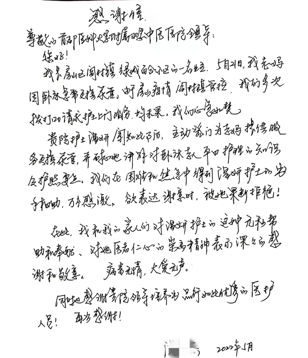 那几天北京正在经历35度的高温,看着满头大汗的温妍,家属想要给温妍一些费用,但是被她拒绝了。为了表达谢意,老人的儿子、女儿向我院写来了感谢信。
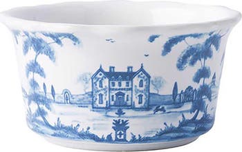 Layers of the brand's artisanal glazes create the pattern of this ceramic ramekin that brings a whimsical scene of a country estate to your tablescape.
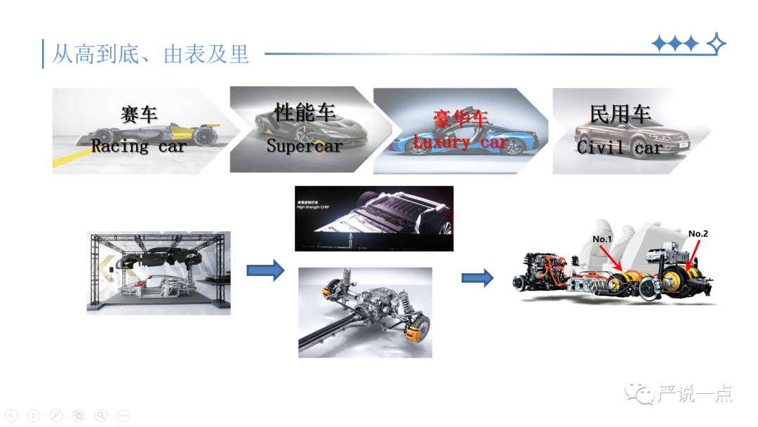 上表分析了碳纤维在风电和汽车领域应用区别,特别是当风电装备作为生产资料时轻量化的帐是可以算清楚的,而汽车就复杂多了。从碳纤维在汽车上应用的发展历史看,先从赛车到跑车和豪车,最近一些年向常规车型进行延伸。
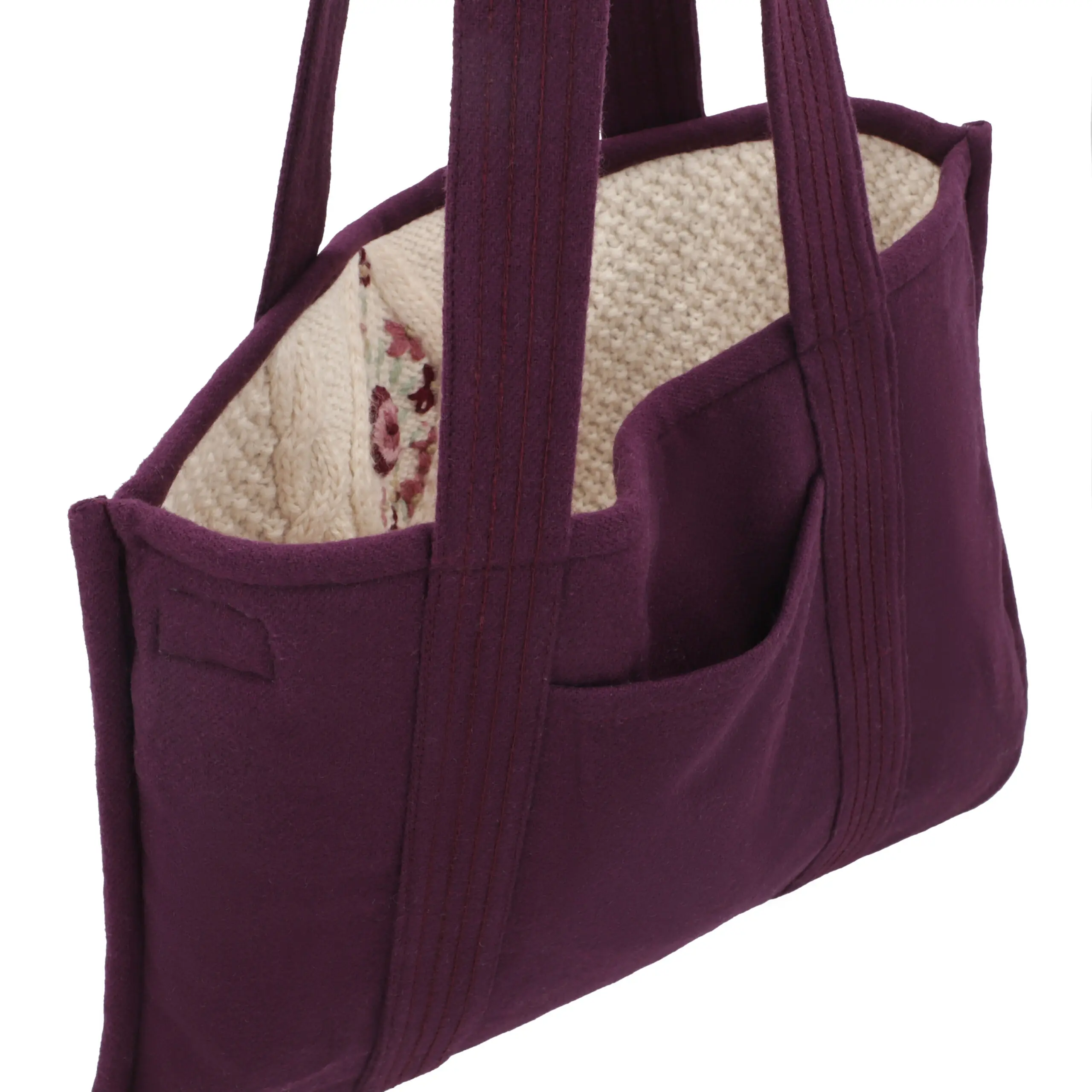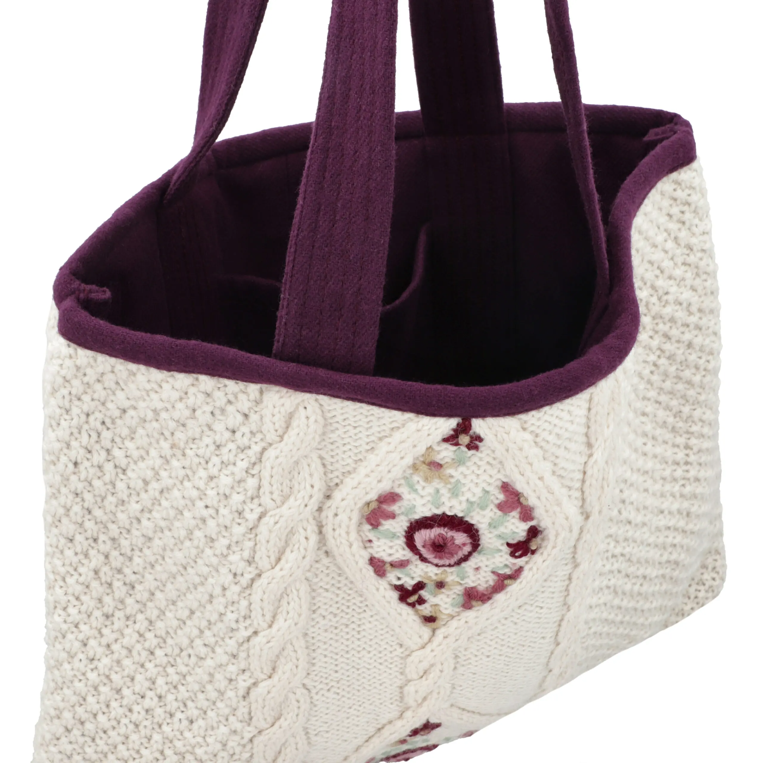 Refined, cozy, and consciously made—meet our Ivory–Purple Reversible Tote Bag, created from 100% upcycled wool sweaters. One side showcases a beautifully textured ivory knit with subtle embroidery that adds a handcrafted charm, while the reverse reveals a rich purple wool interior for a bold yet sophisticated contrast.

==

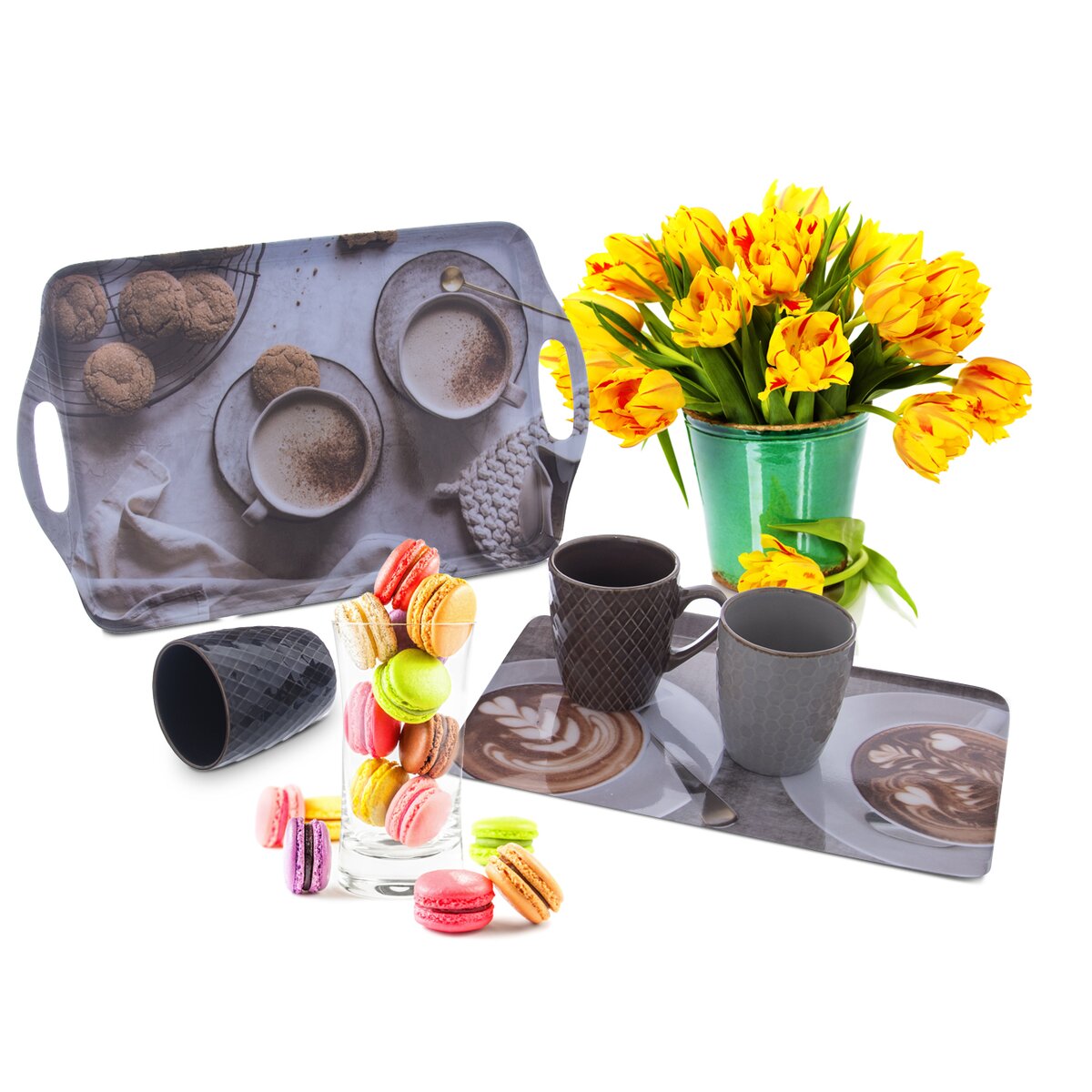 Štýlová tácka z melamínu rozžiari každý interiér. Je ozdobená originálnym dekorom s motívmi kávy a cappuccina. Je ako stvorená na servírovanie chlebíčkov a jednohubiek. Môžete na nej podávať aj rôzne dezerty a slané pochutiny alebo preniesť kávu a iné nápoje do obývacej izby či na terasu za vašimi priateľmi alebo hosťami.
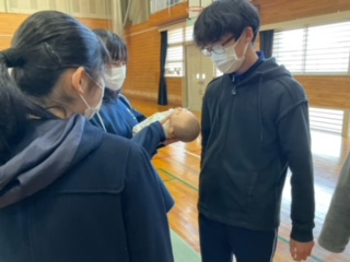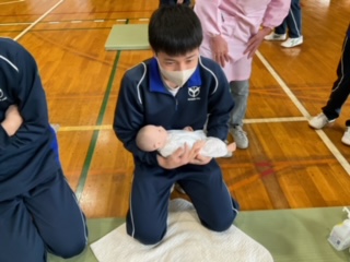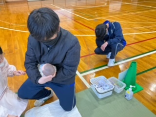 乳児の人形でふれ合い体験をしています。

Goal of the exercise = Among the records above, locate the line containing "那几天北京正在经历35度的高" and the line containing "Refined, cozy, and", then transcribe exactly the lines starting at the first and ending at the second, with no pictures.

Result for this exercise =
 那几天北京正在经历35度的高温,看着满头大汗的温妍,家属想要给温妍一些费用,但是被她拒绝了。为了表达谢意,老人的儿子、女儿向我院写来了感谢信。
 Layers of the brand's artisanal glazes create the pattern of this ceramic ramekin that brings a whimsical scene of a country estate to your tablescape.
 上表分析了碳纤维在风电和汽车领域应用区别,特别是当风电装备作为生产资料时轻量化的帐是可以算清楚的,而汽车就复杂多了。从碳纤维在汽车上应用的发展历史看,先从赛车到跑车和豪车,最近一些年向常规车型进行延伸。
 Refined, cozy, and consciously made—meet our Ivory–Purple Reversible Tote Bag, created from 100% upcycled wool sweaters. One side showcases a beautifully textured ivory knit with subtle embroidery that adds a handcrafted charm, while the reverse reveals a rich purple wool interior for a bold yet sophisticated contrast.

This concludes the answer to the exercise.